V(x)=x(10−2x)(12−2x)
. Find the maximum volume of a box that can be created from the piece of paper.
To find the maximum volume of the box, we need to maximize the function V(x) by finding its critical points.
First, we find the derivative of V(x) with respect to x:
V'(x) = (10 - 2x)(12 - 2x) + x(-2)(12 - 2x) + x(10 - 2x)(-2)
= (10 - 2x)(12 - 2x) - 2x(12 - 2x) - 2x(10 - 2x)
= (10 - 2x)(12 - 2x) - 24x + 4x^2 - 20x + 4x^2
= (10 - 2x)(12 - 2x) + 8x^2 - 44x
To find the critical points, we set V'(x) = 0 and solve for x:
(10 - 2x)(12 - 2x) + 8x^2 - 44x = 0
(10 - 2x)(12 - 2x) = 44x - 8x^2
120 - 24x - 20x + 4x^2 = 44x - 8x^2
4x^2 + 44x - 24x - 20x - 120 = 0
4x^2 + 0x - 120 = 0
x^2 - 30 = 0
(x - √30)(x + √30) = 0
Setting each factor equal to zero:
x - √30 = 0 or x + √30 = 0
x = √30 or x = -√30 (rejected since x should be positive in this context)
Therefore, the critical point is x = √30.
To determine if this critical point is a maximum or minimum, we evaluate the second derivative:
V''(x) = 8 - 44 = -36
Since V''(√30) = -36, which is negative, this means that x = √30 is a maximum point.
We can plug x = √30 back into the original equation for V(x) to find the maximum volume:
V(√30) = √30( 10 - 2√30)(12 - 2√30).
Approximating to three decimal places, the maximum volume of the box is V(√30)= 51.962 cubic units.
To find the maximum volume of a box that can be created from the given piece of paper, we need to find the value of x that maximizes the function V(x) = x(10 - 2x)(12 - 2x).
Step 1: Expand the equation
V(x) = x(10 - 2x)(12 - 2x)
= x(120 - 20x - 24x + 4x^2)
= x(4x^2 - 44x + 120)
Step 2: Simplify the equation
V(x) = 4x^3 - 44x^2 + 120x
Step 3: Take the derivative of V(x) with respect to x
V'(x) = 12x^2 - 88x + 120
Step 4: Set V'(x) equal to 0 to find critical points
12x^2 - 88x + 120 = 0
Step 5: Solve the quadratic equation
Using factoring or the quadratic formula, we find that x = 1 or x = 10/3.
Step 6: Determine the second derivative of V(x)
V''(x) = 24x - 88
Step 7: Plug in the values of x from Step 5 into V''(x)
V''(1) = -64
V''(10/3) = 8/3
Since V''(1) is negative and V''(10/3) is positive, the critical point x = 10/3 corresponds to a local maximum.
Thus, the maximum volume of the box that can be created from the piece of paper is V(10/3).
You can calculate the value of V(10/3) to find the specific volume of the box.
To find the maximum volume of the box that can be created, we need to maximize the volume function V(x) = x(10 - 2x)(12 - 2x), where x represents the length of the side of the square that is cut out from each corner of the paper.

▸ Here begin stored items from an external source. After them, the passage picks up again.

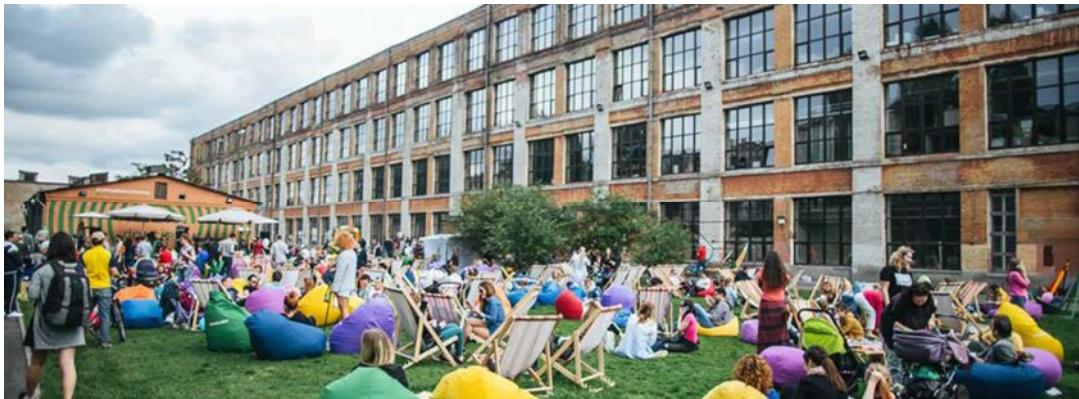
Fig 1. Art plant «Platform», open air space. [7]

Art clusters in Ukraine arose quite recently, largely due to the process of European integration and modernization. They are located in Kyiv. At present, such clusters are well known: art plant "Platform", "Vydubychi", "Dovzhenko Center", etc. The most visited among them is the art factory "Platform" - the largest creative cluster in Ukraine, located on the Left Bank of Kyiv. The space is located on the territory of the Darnytsky Silk Factory and combines business, festivals, coworking, art, fashion and other creative industries. Since 2014, it has been visited by about two million people, and the business community brings together more than 300 different startups and innovative projects. The main goals of the cluster are the development of Ukraine and the support of talented youth. It can be said that art clusters as new forms of artistic and social practices, can integrate into the "traditional" urban space.
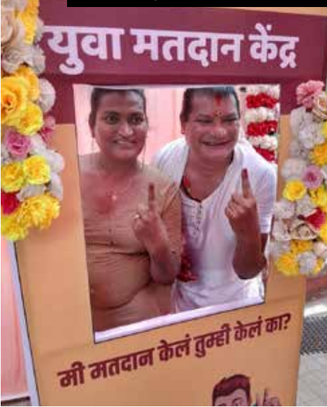
Voters during the 5th Phase of General Elections-2024

Steeped in history, The Oberoi Grand (Continued on page 7)
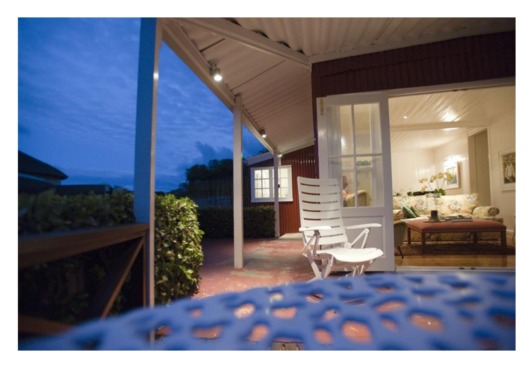
A terrace view into the light and open living space
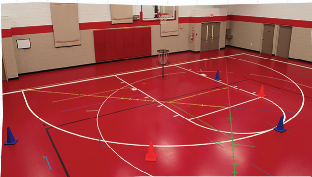
GAME SETUP A.
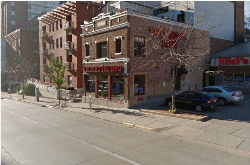
Potential new bus stop on Gorham Street far side Broom Street
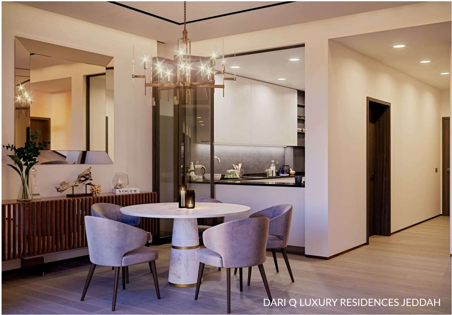
DARI Q LUXURY RESIDENCES JEDDAH
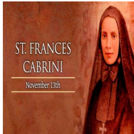
ST. FRANCES CABRINI November 13th

LADE FORD, INC. Family Owned and Operated Since 1957 120 S. Frankston Hwy. • P.O. Box 1045 • Frankston, TX 75763 Bus: (903) 876-2225 • Toll Free: (800) 308-1157 www.ladeford.com • www.ladefordinc.com
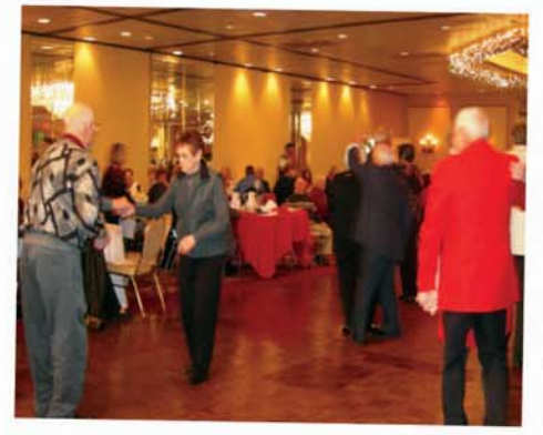
The older adults from UNC's four senior centers- Mid Valley, Carbondale, South Side and West Side- came together for a day of dancing and fun with their families for their first annual Christmas Celebration.
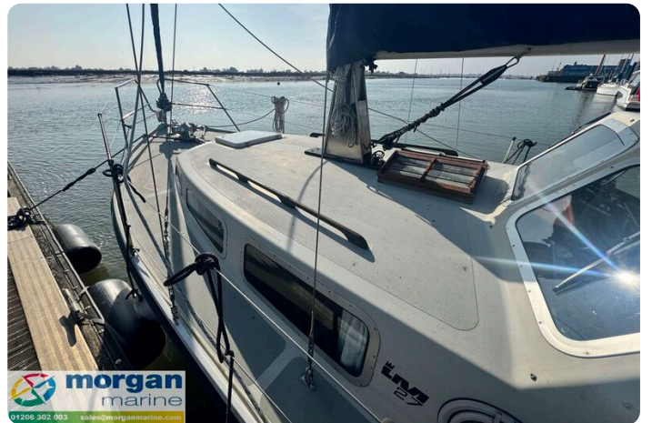
LM 27 Motor Sailer - railings
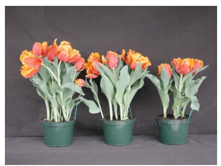
14 wks cold; in grnhse 10 Jan. (9492)
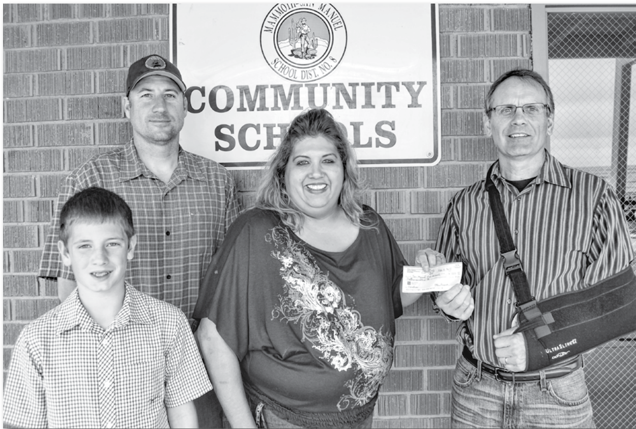
Members of the Trail Riders of Southern Arizona make a $1,000 donation to Mammoth-San Manuel Community Schools.

of the Arizona Motorcycle Riders Association (AMRA). They promote and participate in AMRA racing series events. They have close to 60 members made up of off road racing enthusiasts. They are community involved and raise money through motorcycle events that benefit non-profit organizations in southern Arizona. Besides helping San Manuel Community Schools each year, they participated in a clean up along Webb Road. The Trail Riders of Southern Arizona LLC is open to all motorcycle riders regardless of skill level. For more information visit their website www.TRSAZ.org or contact them at newmembers@trsaz.org .
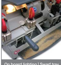
On board lighting | Swarf tray

The on-off switch features a safety cut-out for user protection. The machine needs to be
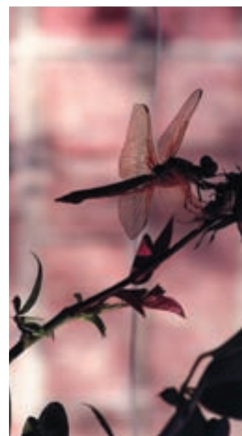
The World in Pictures — Natural History
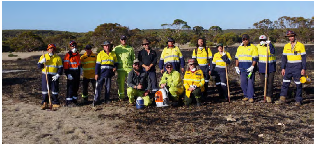
■ Noongar rangers and Bush Heritage staff completed fire training supported by Bush Heritage Australia.

This project and other topics of interest will be discussed at the upcoming events
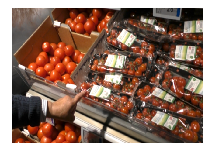
Fig. 2. An example of purchasing practices.

of routinised behaviour characterized Claire, a British mother (UK4) who rmoved to the countryside with her family and started to buy groceries online, as she found it more convenient than reaching distant grocery stores. Our participants became more reflexive of food practices following these major life changes and identified online shopping as a constraint to paying any attention to quality labels, compared to a physical store situation where consumers can pick up a product and check carefully its packaging. The major changes in their lives (e.g. changing jobs and/or residences) generated changes in their ordinary food consumption, which they reflexively identified as lacking the opportunity to engage with FQS labels.
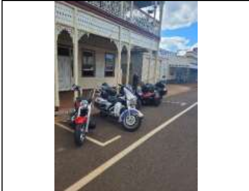
Out and about – 17 th April 2022 #3
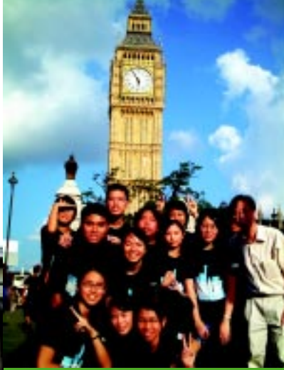
■ UK Study Tour in front of Big Ben, London
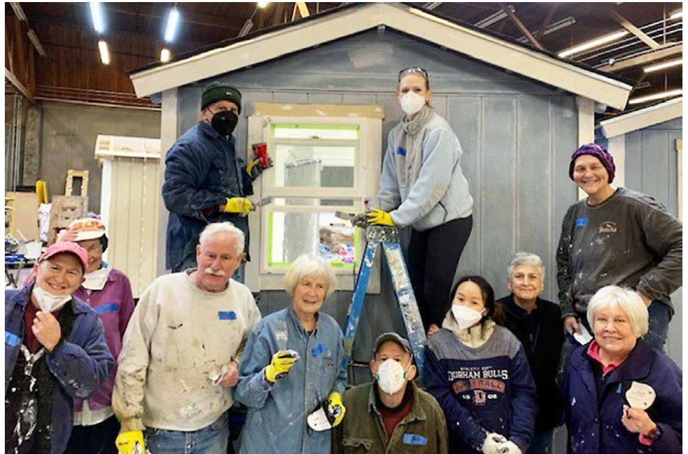
Building team from Magnolia UCC helps build a tiny house, one way to address homelessness in the Seattle area.

For the first session on homelessness Continued on Page 4
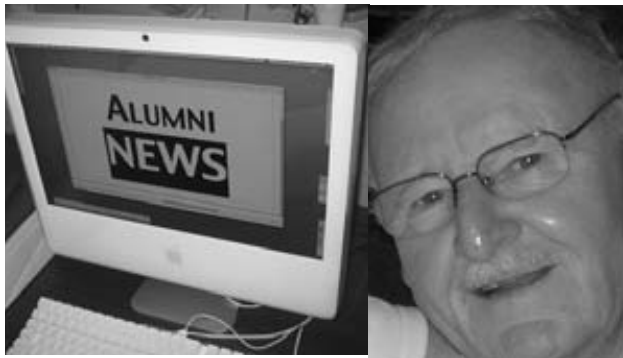
News and a bit of blarney from "The Prez's".... cluttered desk
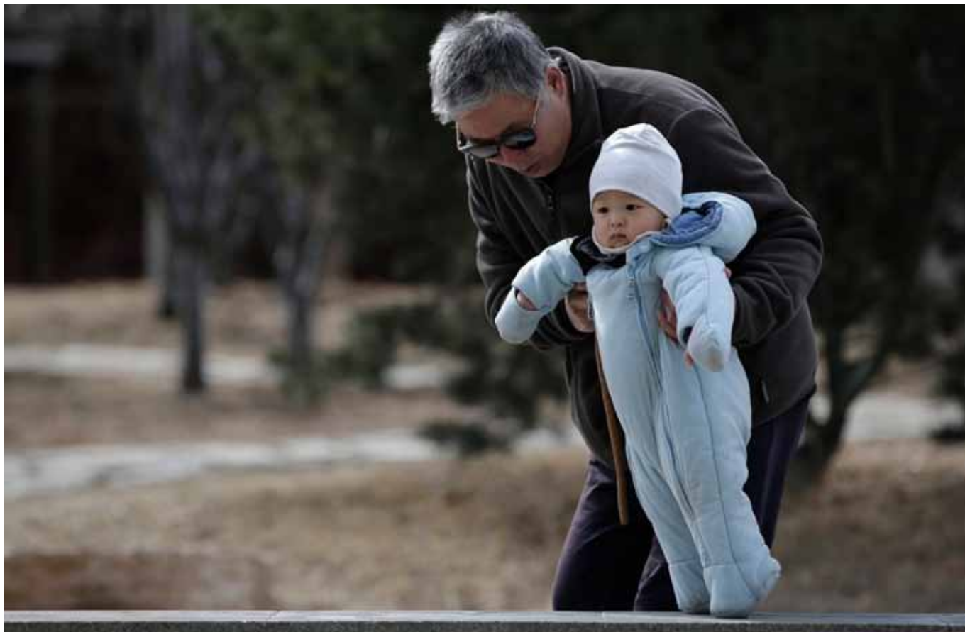
A man teaches his 10-month-old granddaughter her first steps at a residential community near Beijing. One official projection estimates that a two-child policy could increase the rate of China's GDP growth by 0.5 percentage points through its impact on aged dependency.

rural population experienced faster fertility decline from higher initial levels, compared with the trend in urban areas. This occurred despite the relaxation of the one-child policy in most rural areas to allow a second child if the first was female. This ensured that the bulk of China's demographic dividend stemmed from a surge in the rural working to non-working population ratio.
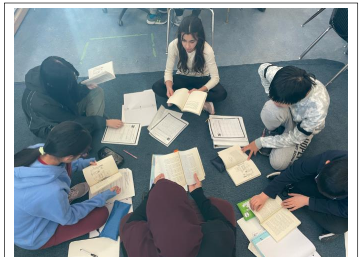
Division 5 Lit Circles
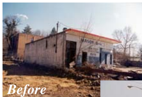
Old abandoned gas station site becomes new firehouse, Trenton, NJ

The Agency accomplished a great deal in the year since the Action Plan was published. A list of the accomplishments and ongoing activities is provided below. The Action Plan and other information on petroleum brownfields are available on EPA's petroleum brownfields Web site http://www.epa.gov/oust/petroleumbrownfields .
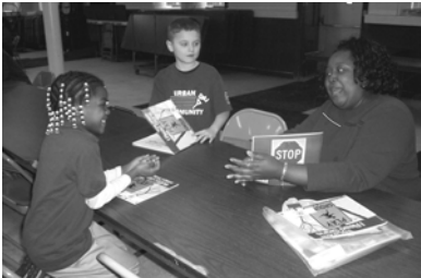
Good Books Make Kids Smile!

My prayers for all of you are filled with joy because of your partnership in the Reign of God from the first day you heard about it. Joy springs from my confidence that God who began a good work in you will progress until it's finished , working night and day until our Savior returns. (Philippians 1:4-6)
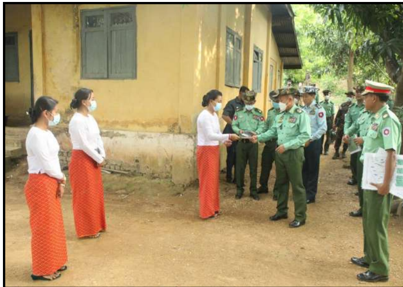
Vice-Chairman of the State Administration Council Deputy Commander-in-Chief of Defence Services cordially greeting family members staying at the housings of families of the local battalions from respective military stations
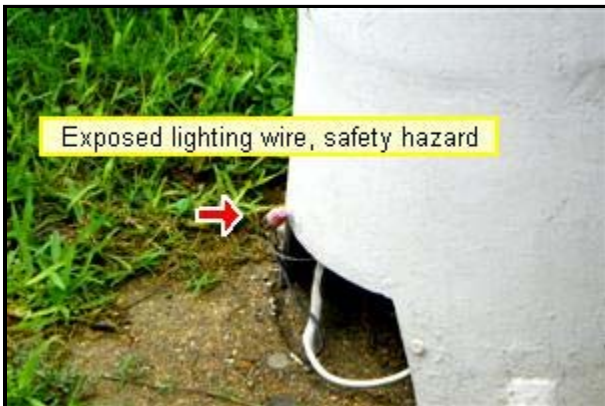
Site sidewalk and gate entrance

First, let's expand the function:
V(x) = x(10 - 2x)(12 - 2x)
= x(120 - 24x - 20x + 4x^2)
= x(4x^2 - 44x + 120)
= 4x^3 - 44x^2 + 120x
To find the maximum volume, we need to take the derivative of the volume function with respect to x and set it equal to zero:
V'(x) = 12x^2 - 88x + 120 = 0
Now, we need to solve this quadratic equation for x. We can either factor it or use the quadratic formula. Let's use the quadratic formula to find the values of x:
x = (-b ± √(b^2 - 4ac))/(2a)
In this case, a = 12, b = -88, and c = 120. Applying the quadratic formula, we have:
x = (-(-88) ± √((-88)^2 - 4(12)(120)))/(2(12))
x = (88 ± √(7744 - 5760))/(24)
x = (88 ± √1984)/(24)
Now we can simplify further:
x = (88 ± 44√2)/(24)
The two solutions are:
x₁ = (88 + 44√2)/(24)
x₂ = (88 - 44√2)/(24)
To determine which value of x gives the maximum volume, we need to test these values. Plug each value of x back into the volume function V(x) and compare the results. The value of x that gives the greatest volume will correspond to the maximum volume of the box.
V(x₁) = 4(x₁)^3 - 44(x₁)^2 + 120(x₁)
V(x₂) = 4(x₂)^3 - 44(x₂)^2 + 120(x₂)
Calculate these values and compare them to find the maximum volume.
Note: Depending on the range of x-values that are realistic for this problem, you may need to check the endpoints of that range as well to ensure you find the absolute maximum volume.